Construction of a Sh24 billion sugar factory in Kwale is expected to start within the next four months, providing a major boost to the sector.“We expect the construction work to start before May this year,” said Mr Tadimeti Rao of J.P. Mukherji & Associates.

Mr Rao, who is the lead consultant of the Kwale International Sugar Company Ltd (Kiscol) project, said it would take about 18 months for the plant to be complete and be ready to crush the first bunch of cane.

The factory, which is projected to process 3,000 metric tonnes of cane per day, will also produce 30,000 litres of ethanol every day and 18 megawatts of power.

Of the power generated, 12 megawatts will be fed to the national grid.

Mr Rao said they were currently evaluating companies that had applied to carry out various jobs in the project.

Reviving plantations

The firm has been developing a plantation that is expected to provide sugarcane to the factory.

It is also reviving plantations owned by Ramisi Sugar Company that collapsed more than two decades ago.

It has established an 850-hectare nursery that will provide sugarcane for planting by out-growers and the firm’s nuclear farm this year.

It has also registered 900 outgrowers who will provide 30 per cent of cane in 2012.

The proposed factory is seen as a major boost to the country’s sugar sector, which, according to some industry analysts, is ill-prepared for the Common Market for Eastern and Southern Africa (Comesa) customs rules.

The rules are expected to come into force in February 2012, effectively swinging open doors for cheaper sugar imports into the country.

Currently, Kenya produces an average of 500,000 metric tonnes of white-milled sugar, against a demand of about 700,000 metric tonnes annually, which leaves a deficit of 200,000 tonnes.

This is the deficit that the Comesa window has been servicing and the amount of duty free sugar entering the local market is expected to increase once the safeguards elapse this year.

Planned reforms in the local sugar sector are behind schedule.

Before the expiry of the safeguards, the country was expected to privatise its five debt-ridden parastatal mills in the Western belt – Chemilil, Muhoroni, Miwani, Nzoia and South Nyanza Sugar companies.

The sector is slowed down by ageing infrastructure, high production costs and long maturing cane variety with low sucrose content, among other problems.

The sugarcane in the Western region takes 18 months to mature compared to the 12 months it takes in the Coast Province due to the high temperatures in the region.

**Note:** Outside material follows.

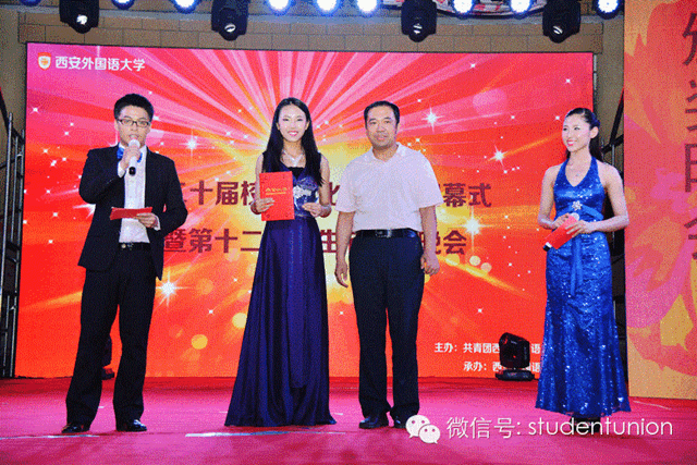 西安外国语大学第十二届女生节颁奖晚会于2014年6月19日在五四广场顺利举行,开云体育 2013级8班的李晓荷和4班的王子月凭借着出色的表现和个人才艺分获“人气大使”和“爱心大使”荣誉称号,开创了开云体育 学生在此项比赛中的新纪录,为开云体育 赢得了荣誉。
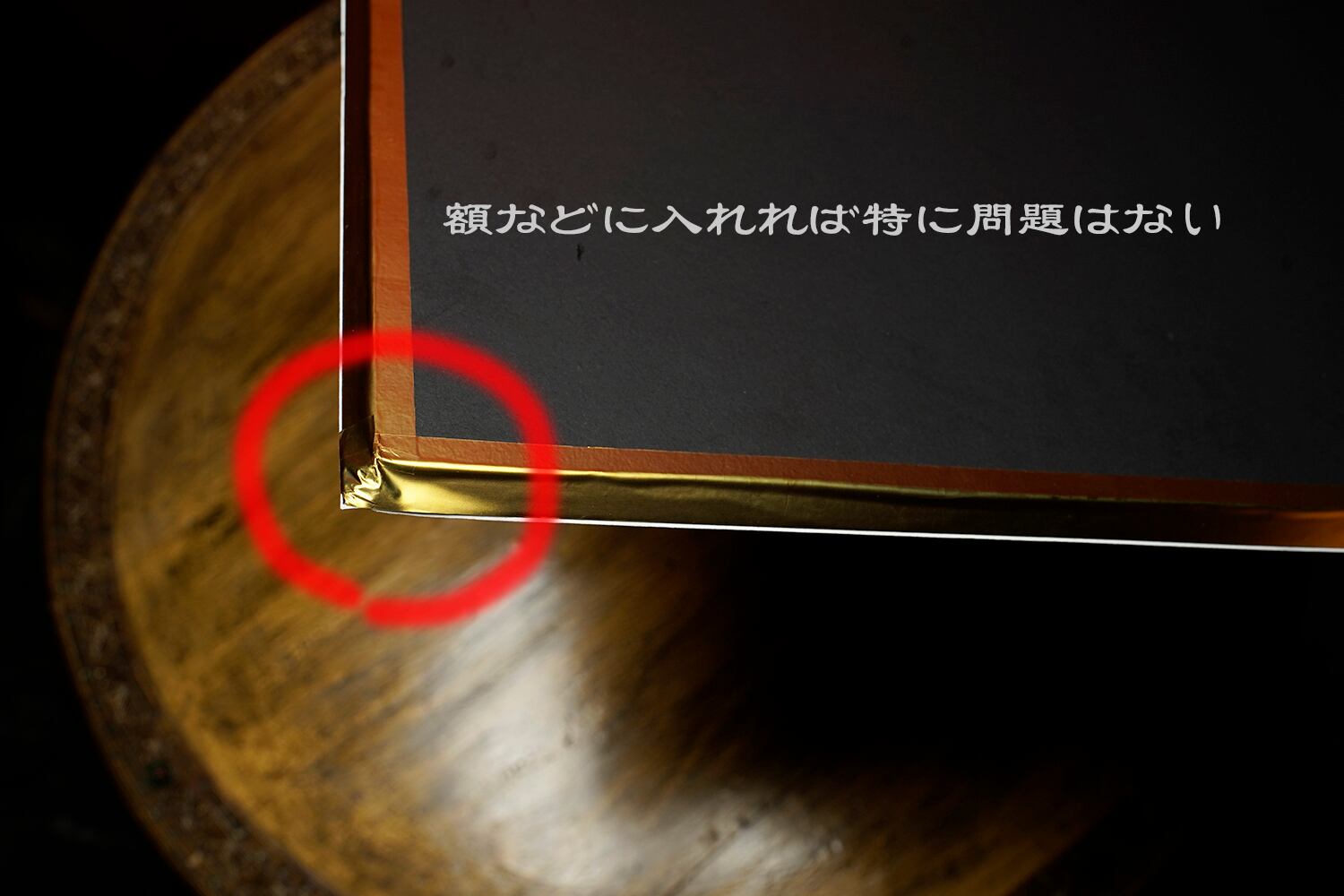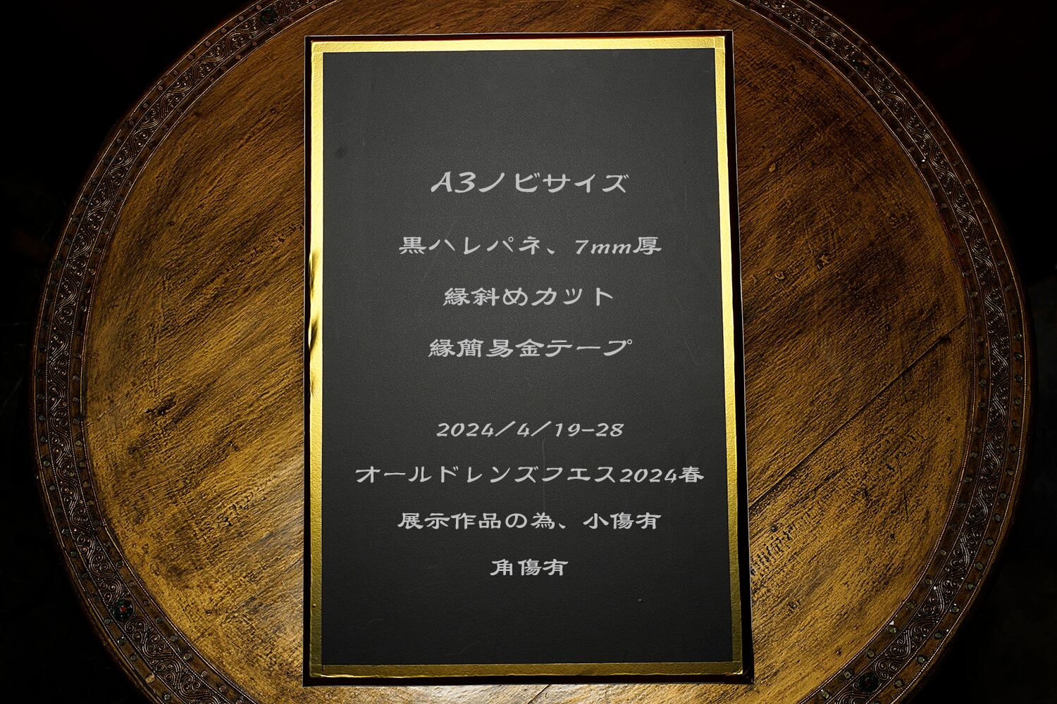 黒ハレパネ7mm厚に貼付け済(斜めカット、カット面は金テープ保護)

Experts say that the natural challenges that could work against Kenya’s competitiveness can be improved by focusing production in the favourable Coastal region.

“The Coast region is a good area to grow cane due to the shorter period it takes to mature and also the higher sugarcane sucrose content than in Western Province,” said Mr Richard Sindiga, the chairman of the Comesa Safeguards Committee in the Ministry of Trade.

Mr Rao said they are aligning the factory with the Comesa rules by investing in modern and cost-effective systems like drip irrigation and new sugar milling technology.

When the government launched the project in 2008, it said that it would provide employment to about 15,000 young people on becoming fully operational and support more than 1.5 million people.

But the idea to set up the factory was mooted in 2006 and targeted different parcels of land amounting to 42,000 acres, which were all charged to the Bank of India as the receiver managers for the defunct Ramisi Sugar Company.

This required government intervention to settle the Ramisi Sugar Company debts and resolve the issue of squatters on the land.

The process took about a year to finalise and Kiscol was finally allocated 15,000 acres of land to develop a nucleus estate and construct the factory.

The rest of the land was allocated to the squatters, some of whom have now registered as outgrowers.